Ultrathink: why Claude is still the king
Data Doesn't Lie: Despite Free Alternatives, Developers Pay Premium for Claude's Reliability
OpenRouter has become the de-facto place for new models to be dropped, and the open source community is embracing this practice, with an ever growing number of tokens being sent through them.
What makes OpenRouter valuable isn't just that it provides access to multiple models, but that it gives us visibility into actual usage. Before, we had to rely on company press releases and cherry-picked benchmarks. Now we can see what developers are actually choosing when they build things.For example, we can see lots of new apps using Deepseek's latest v3 model.

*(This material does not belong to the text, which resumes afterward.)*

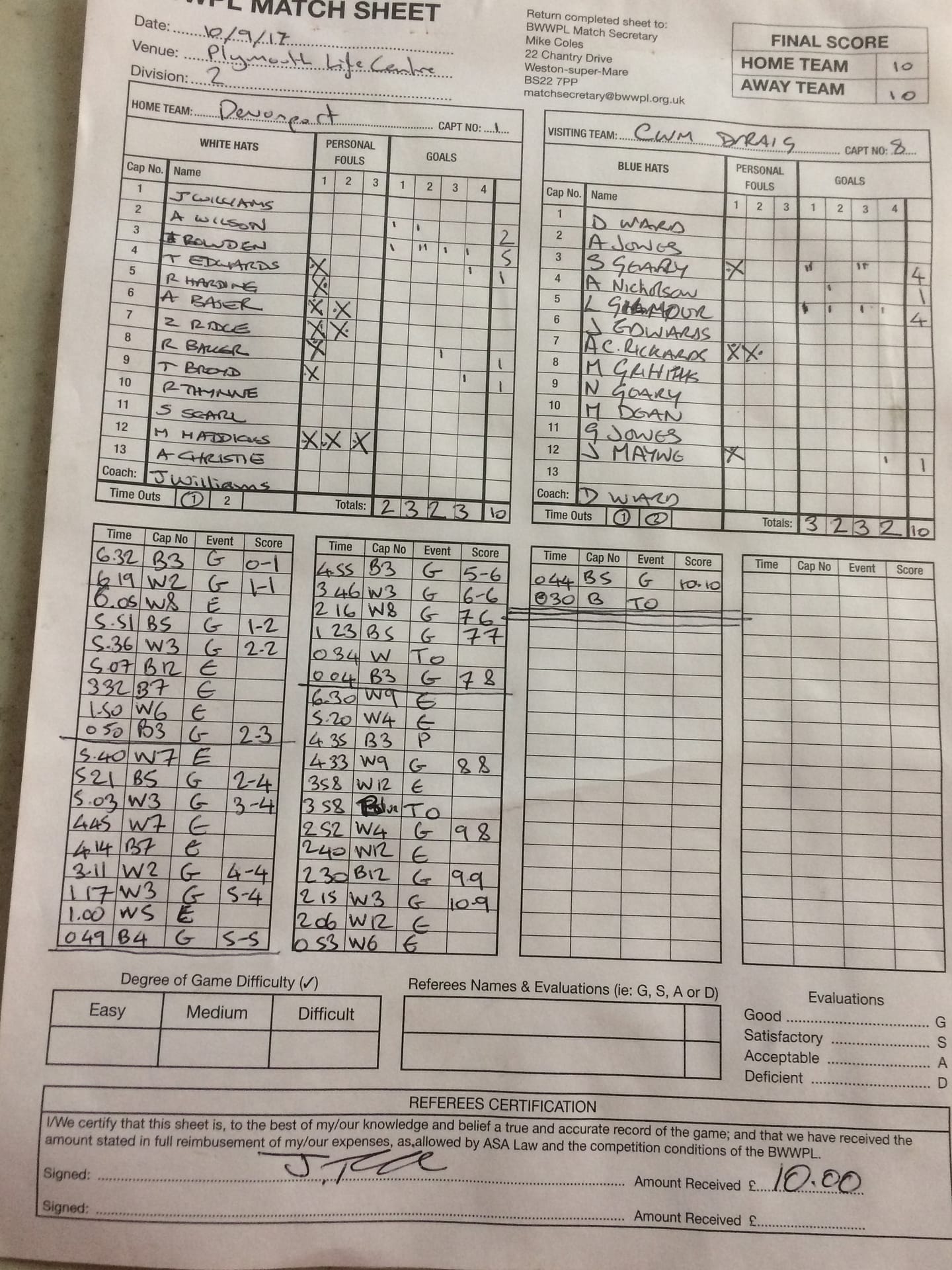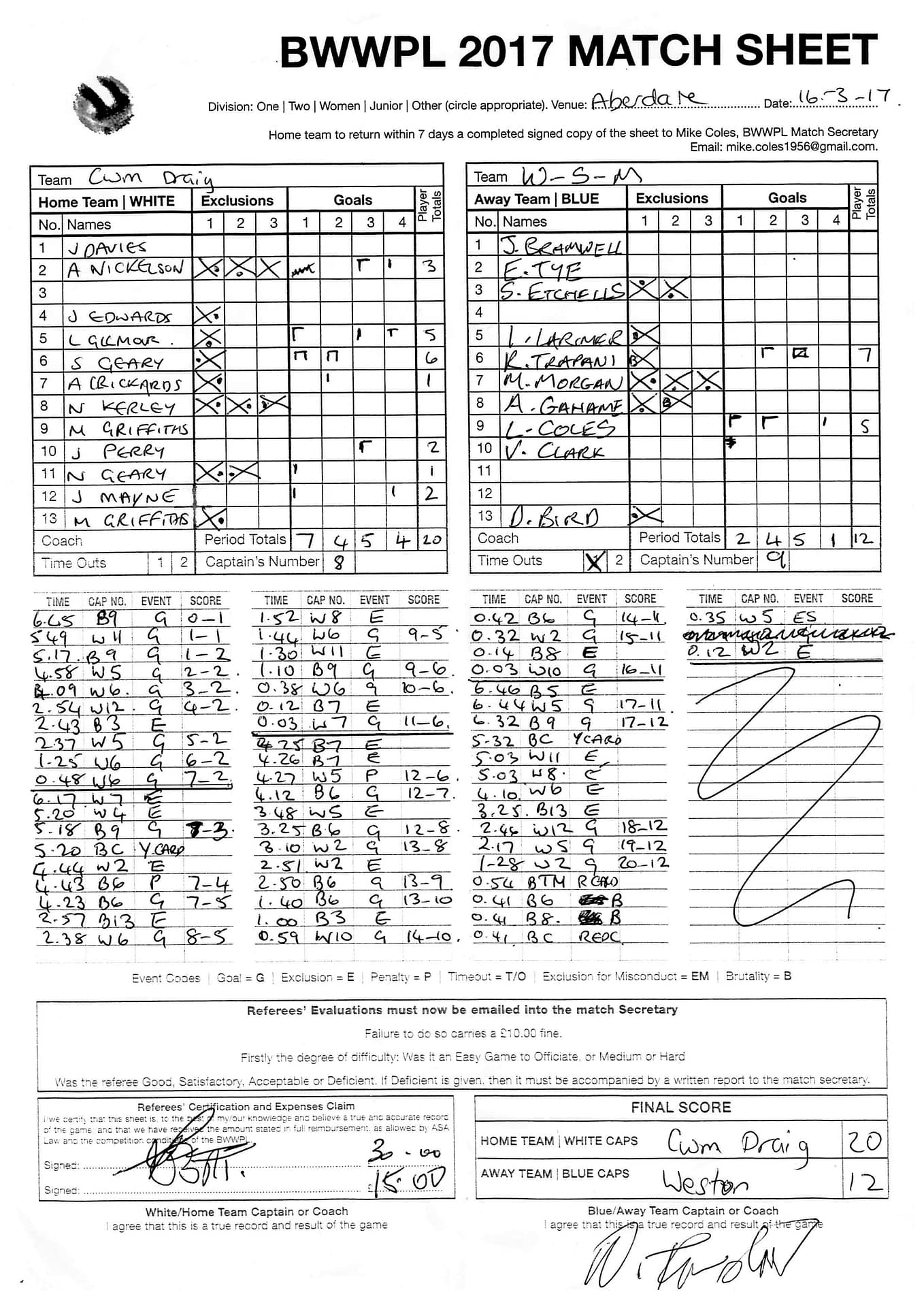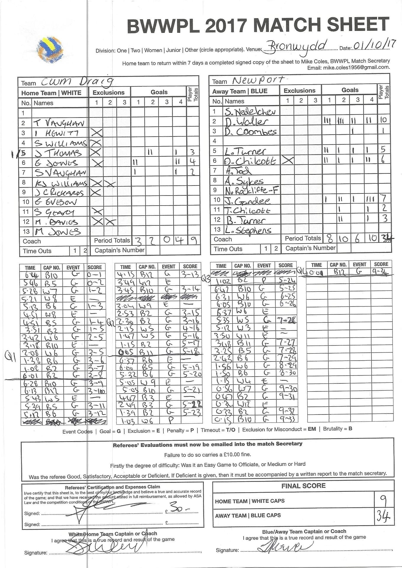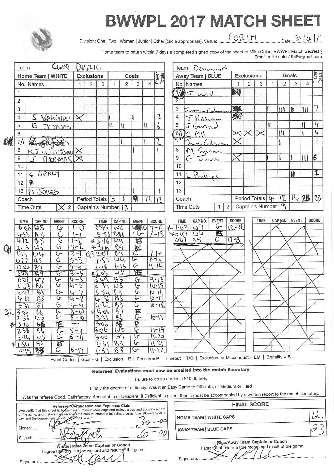 Points deducted. Two points awarded to Cwm Draig as a 0-0 score as per Rule 16.9.

Google's token usage is high, but a significant portion is subsidized
We decided to see which is really the favorite model today on the platform; across all apps. On an absolute basis, Google seems to be winning by a lot, but does that mean their models are the best?
If you zoom out, the story is a bit different. Google’s models are genuinely good—I'm not suggesting otherwise—but about ~22% of their total token usage (as of today) is subsidized via free models. This turns out to be a great strategy for getting more usage, but it doesn't tell you much about what models are actually the best.
Free tokens are like free samples at the grocery store. They're good for getting people to try your product, but they don't necessarily indicate preference. What matters more is what people choose when they're spending their own money.
Claude is still the favorite paid model in OpenRouter
Compare this to Anthropic: they have no free models at all. In fact, Claude 3.7 Sonnet is getting used even more than Gemini 2.5 Pro’s free and paid versions combined!
Of course if you’re cash-strapped you’ll use Gemini 2.5 Pro, but you’ll be subject to heavy rate-limiting. So when you get fed up with that, you have to choose: do you pay for the same model you’ve been using, or do you switch to a different model? Among those willing to pay, Claude 3.7 Sonnet is seeing three times as much usage.
Without a doubt the growth of Google has been incredible, and I really like that they're releasing cheap models which perform very well, plus bigger context windows with great retrieval capabilities. But they are only winning if you look at their free models. It'll be really interesting to see if Gemini 2.5's usage stays this high once those free credits dry up.
This reminds me of what happened with cloud providers. AWS wasn't always the cheapest option, but it became the most trusted. When you're building something that matters, you optimize for reliability over cost within reason. The fact that developers are willing to pay more for Claude suggests they're getting something valuable in return.
I think what we're seeing is the beginning of a bifurcation in the market. There will be cost-sensitive applications that use whatever is cheapest (or free). And there will be reliability-sensitive applications that use whatever performs most consistently, even at a premium. This has happened in virtually every technology market as it matures.
What's Anthropic’s secret sauce?
Yesterday, Dario Amodei, the founder of Anthropic published a short article about The urgency of Interpretability, and we couldn't agree more. Interpretability is the science to understand what's really going on inside language models, not just optimizing for benchmark scores but actually figuring out how all the decisions are made.
This focus on interpretability isn't new for Anthropic. They have a deep research tradition in this area going back to Chris Olah's pioneering work. In fact, back in 2021, they created Garcon, a “microscope” to understand what's going on inside LLMs. This tool allowed Anthropic researchers to keep probing the internal workings of these models, access intermediate activations, and modify individual components—essentially giving them x-ray vision into the neural networks.
About a month ago, they published "On the Biology of a Large Language Model", where their interpretability team tackled the fundamental question of how LLMs generate text. They're not just building black boxes; they're trying to understand what's happening inside.
Why does this matter? When you're doing complex tasks like coding, you need models that can follow multiple steps without losing track of what they're doing. Understanding how models work internally lets you improve their reasoning abilities in these multi-step scenarios.

I suspect this deep focus on understanding why their models work, not just that they work, is building the kind of trust and reliability that keeps developers coming back, even when cheaper or free options are everywhere. When you're building something real, predictable, high-quality output often matters more than raw token price. That's where Claude continues to shine.
Most AI benchmarks today measure capabilities in ideal conditions. They don't adequately capture reliability—how consistently a model performs across diverse, real-world scenarios. Anthropic seems uniquely focused on this aspect, which matters enormously in production.
The market is speaking clearly: despite aggressive pricing from competitors and even free alternatives, developers are choosing to pay for Claude. The value gap must be significant enough to overcome price sensitivity.
What we're witnessing is the AI market maturing from novelty to utility. The initial excitement about capabilities is giving way to practical concerns about reliability. This transition happens in every technology market, and as AI becomes more integrated into critical systems, consistency will matter more than raw performance.
The models that win long-term won't necessarily be the ones with the flashiest demos or lowest prices, but those that developers can truly depend on. Right now, Claude seems to understand this better than most—and the usage data suggests developers agree.